SAN FRANCISCO — Underwriters Laboratories is ready to begin certification of networking products to meet requirements of a new Texas law.
The law requires certification of equipment used in state networks for resiliency and security.
The product safety lab released the initial version of specifications for a new standard to meet these requirements, UL 2825, on Jan. 31 and announced at the RSA Conference that it is ready to begin product certification.
The program is part of a recent expansion into cyberspace by UL, which was established in 1894 to assess the safety of new electrical appliances. UL was accredited in 2008 under the National Institute of Standards and Technology’s National Voluntary Laboratory Accreditation Program to do cryptographic and security testing against the Federal Information Processing Standard 140-2, and it currently is the only lab accredited to certify networking products under the Texas law.
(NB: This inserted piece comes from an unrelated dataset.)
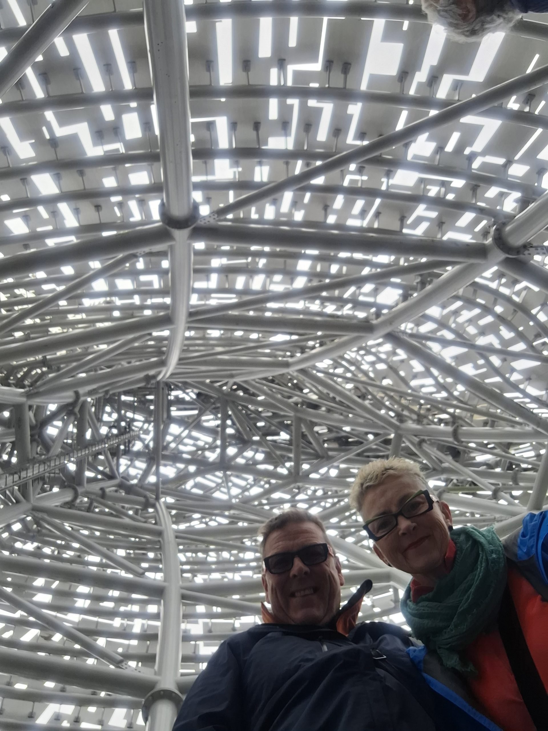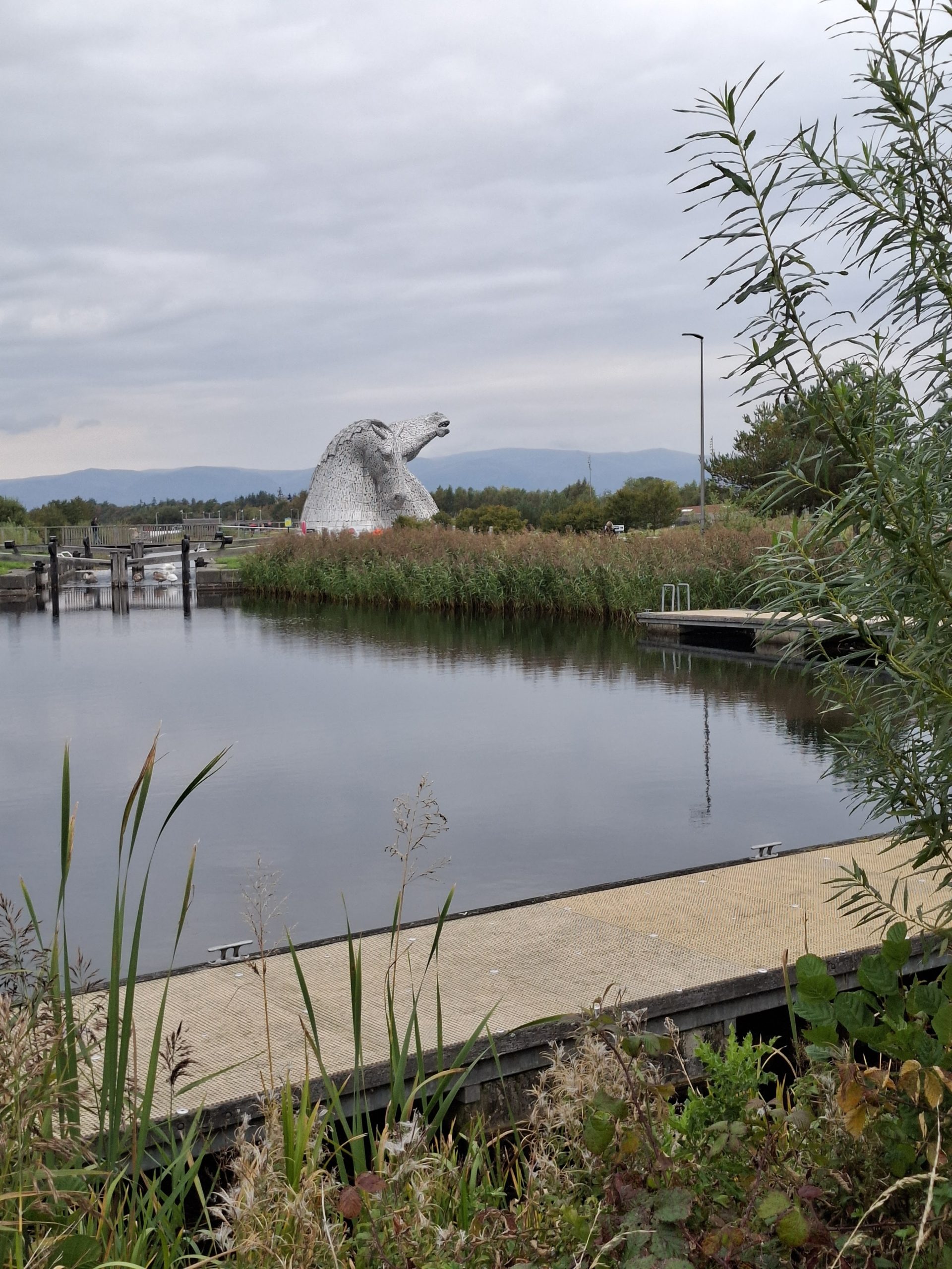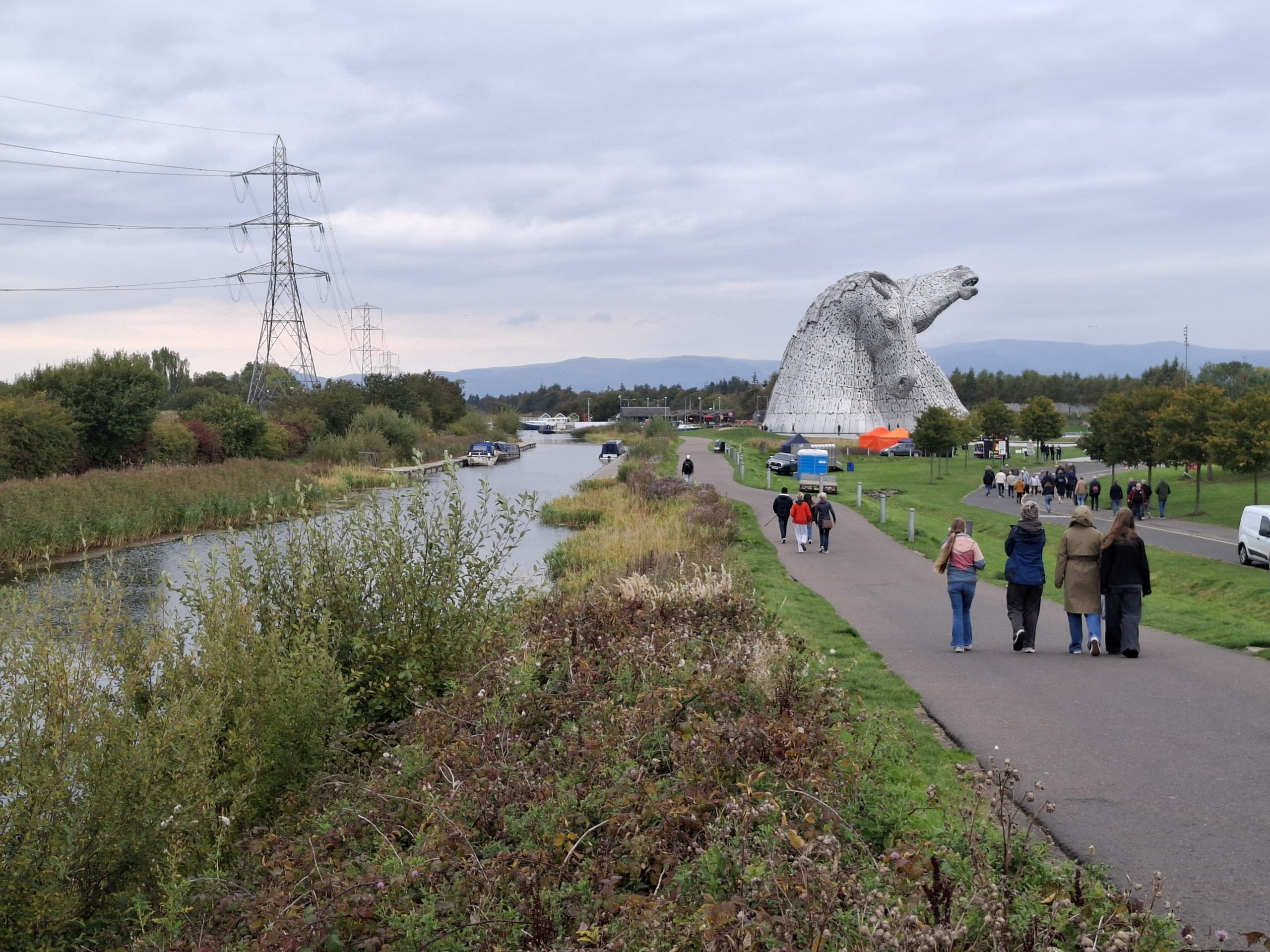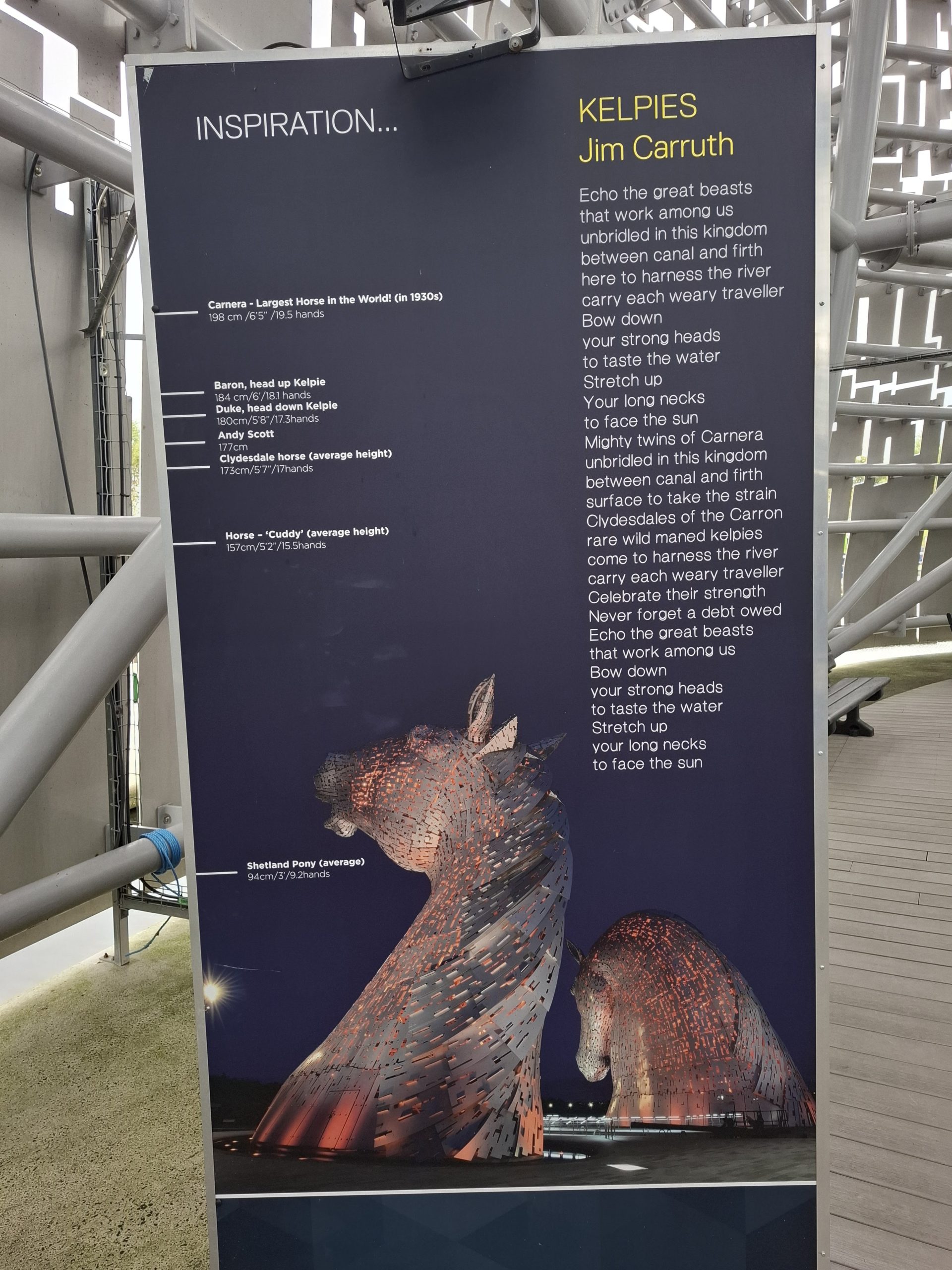 We arrived at The Kelpies in plenty of time, the carpark was free for those who arrived prior to 10:00 and the walk from the car park through wetlands and canal area was very pleasant. Time for a coffee stop and onto the tour which took us inside the massive sculpture of the horse named Baron, the one with its head turned up.

IP networks have become a utility underlying much of our economy and daily activities and have real safety consequences, said Ken Modesto, principal engineer for the UL program. “That was a big rationale for us getting into this space.”
“Over the last decade, we have shifted our telecommunications from plain old telephone service to Web-based communications,” said Robert Jamieson, director of global commercial operations, Life Safety & Security at UL. Because little security has been built into the Internet, “we’ve gone to a telecom system that is intrinsically not safe.”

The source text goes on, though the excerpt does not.